PROVIDED RECORDS: Begin

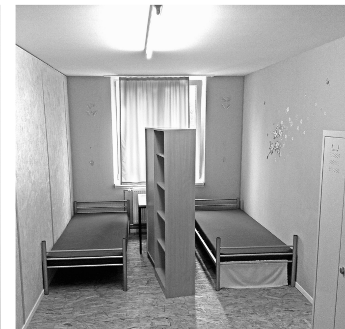
Обстановка в комнатах мигрантов аскетичная. Главное здесь – функциональность, а не эстетика
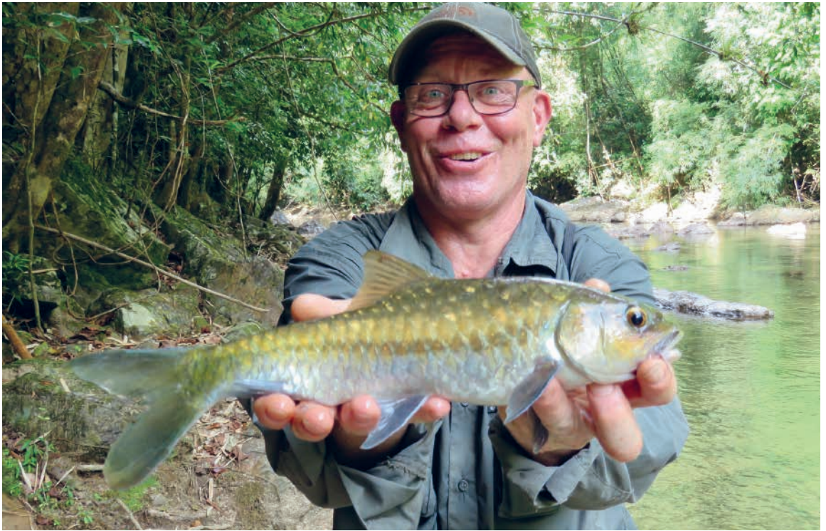
Min fiskemakker med fin lille mahseer, Fjernøstens svar på stalling.

af fiskegrej, stænger, hjul og endegrej.
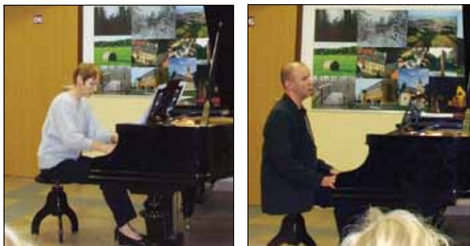
A zeneiskola tanárai második alkalommal emlékeztek ünnepi koncerttel a zene világnapjára.
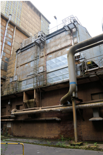
Kraftwerk Frimmersdorf II: Elektrofilter Block E, Ansicht von Norden
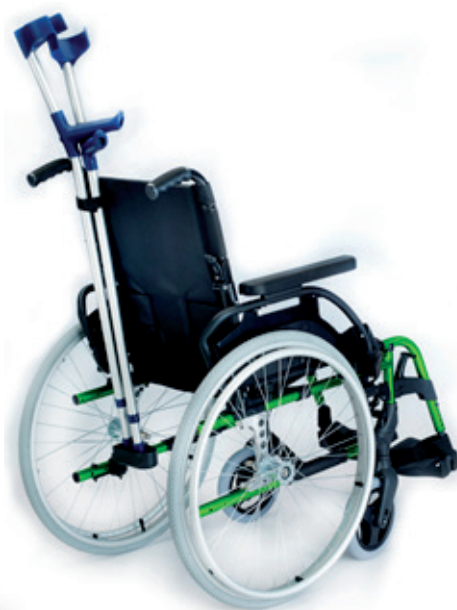
Soporte de bastones

PROVIDED RECORDS: End

> _ACTIVITY_
Reproduce exactly, and only, the lines that begin at the one containing "A zeneiskola tanárai" and end with the final line of the data, both included, while omitting every picture.

> _THE COMPLETED TASK_
A zeneiskola tanárai második alkalommal emlékeztek ünnepi koncerttel a zene világnapjára.
Kraftwerk Frimmersdorf II: Elektrofilter Block E, Ansicht von Norden
Soporte de bastones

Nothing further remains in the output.